Originally known as Newark, following the purchase of Newark Bay as a harbour by the City of Glasgow in 1668, Port Glasgow was created as a parish in 1695 and the town was made a burgh of barony in 1775. Large ships which could not go up the then shallow Clyde stopped here, trading cargoes of cotton, hemp, iron, timber and tobacco. As the Clyde was deepened the port focused on shipbuilding. The first commercially successful steamship, The Comet was built here in 1812 to the designs of Henry Bell (1767 - 1830) and a replica was installed in the town centre in the 1970s. Perhaps the most famous yard was developed by William Lithgow (1854 - 1908), specialising in cargo ships. The English artist Sir Stanley Spencer (1891 - 1959) spent most of the Second World War observing work in the yard and produced a notable series of paintings known as Shipbuilding on the Clyde. In 2014, a steel-plate memorial to Spencer was unveiled on the site of Lithgow's yard which is now a car park for a DIY store. Today there is only one active shipyard, Fergusons, which specialises in North Sea oil-related vessels and car ferries.
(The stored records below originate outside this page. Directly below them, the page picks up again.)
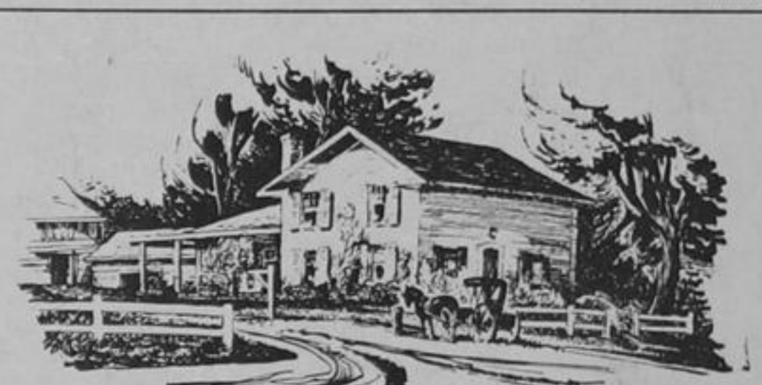
The Doctor's House Restaurant and Tavern

In Kleinburg is now open all year featuring excellent, early Canadian cuisine for Luncheons, Teas and Dinners, Tuesday through Sunday. Dinner reservations accepted up to 8:00 p.m.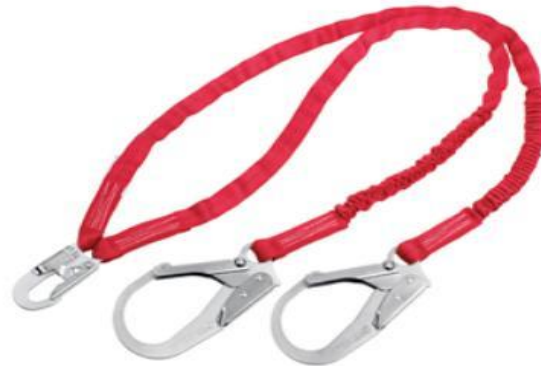
1340250 – Pro-Stop 100% Tie-Off Shock Absorbing Lanyard

The affected lanyards subject to recall are also used in the following Protecta Kits: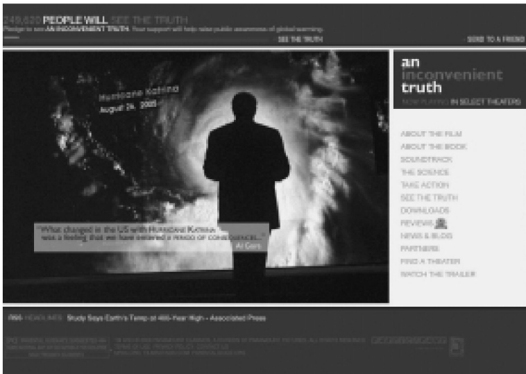
Advertisement for Al Gore's propaganda film on "global warming." LaRouche comments that "although an increasing number of governments, and other circles, have declared their intention to cope with what are called the challenges of depletion and pollution of planetary resources, most of the globalist policies recommended and actually implemented thus far, have been treatments worse, even far worse than the alleged disease."

lenges of depletion and pollution of planetary resources, most of the globalist policies recommended and actually implemented thus far, have been treatments worse, even far worse than the alleged disease. In fact, the systemic implication of the modern Delphic, neo-dionysian cult of "environmentalism," is that such attempted impositions of law place man on the same categorical level as the beasts eaten for food. The present, bestial view of mankind advocated by the current crop of neo-malthusians, must be replaced with a view which is actually in accord with the reality of nature, the reality of the absolute, mental distinction, and qualitative superiority of the human species, the distinction from, and absolutely above all other forms of life.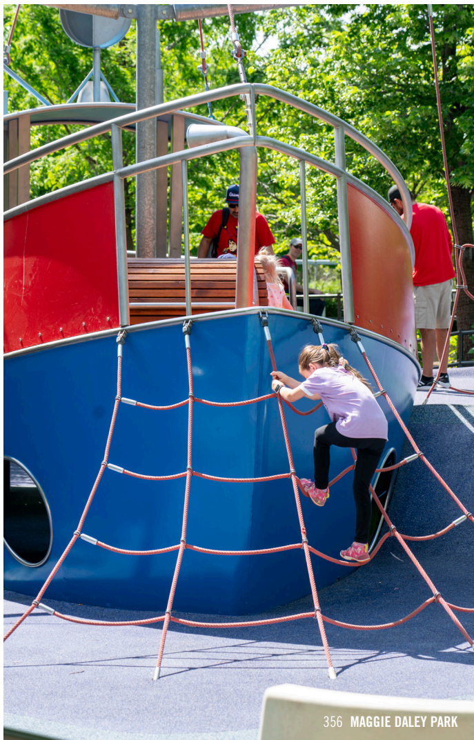
356 MAGGIE DALEY PARK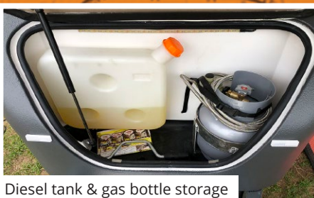
Diesel tank & gas bottle storage

The town has been subject to successive programmes of urban renewal, which have cleared away former shipyards and other industrial buildings to be replaced by Coronation Park, the dual-carriageway A8 road which now dominates the lower section of the town and the Gallagher Shopping Park. The A-listed Gourock Ropeworks was converted into luxury flats in 2006.

Notable features include Newark Castle (15th century, on the banks of the Clyde and home to the Maxwell family from the 16th century) and the grand Town Buildings, the symbol of a more affluent past, built in 1815 by David Hamilton (1768 - 1843). Parklea is an area of parkland located to the east of the town and managed by the National Trust for Scotland. Finlaystone House and Garden, also to the east of the town, extends to 4 ha (10 acres) and features woodland walks and play areas, all open to the public. Port Glasgow also benefits from an 18 hole golf course, two libraries and three railway stations; Port Glasgow, Woodhall and Bogston. Outlying districts include Bardrainney, Boglestone, Broadfield, Devol, Kelburn, Lilybank, Mid Auchinleck, Park Farm, Parkhill, Whitecroft and Woodhall.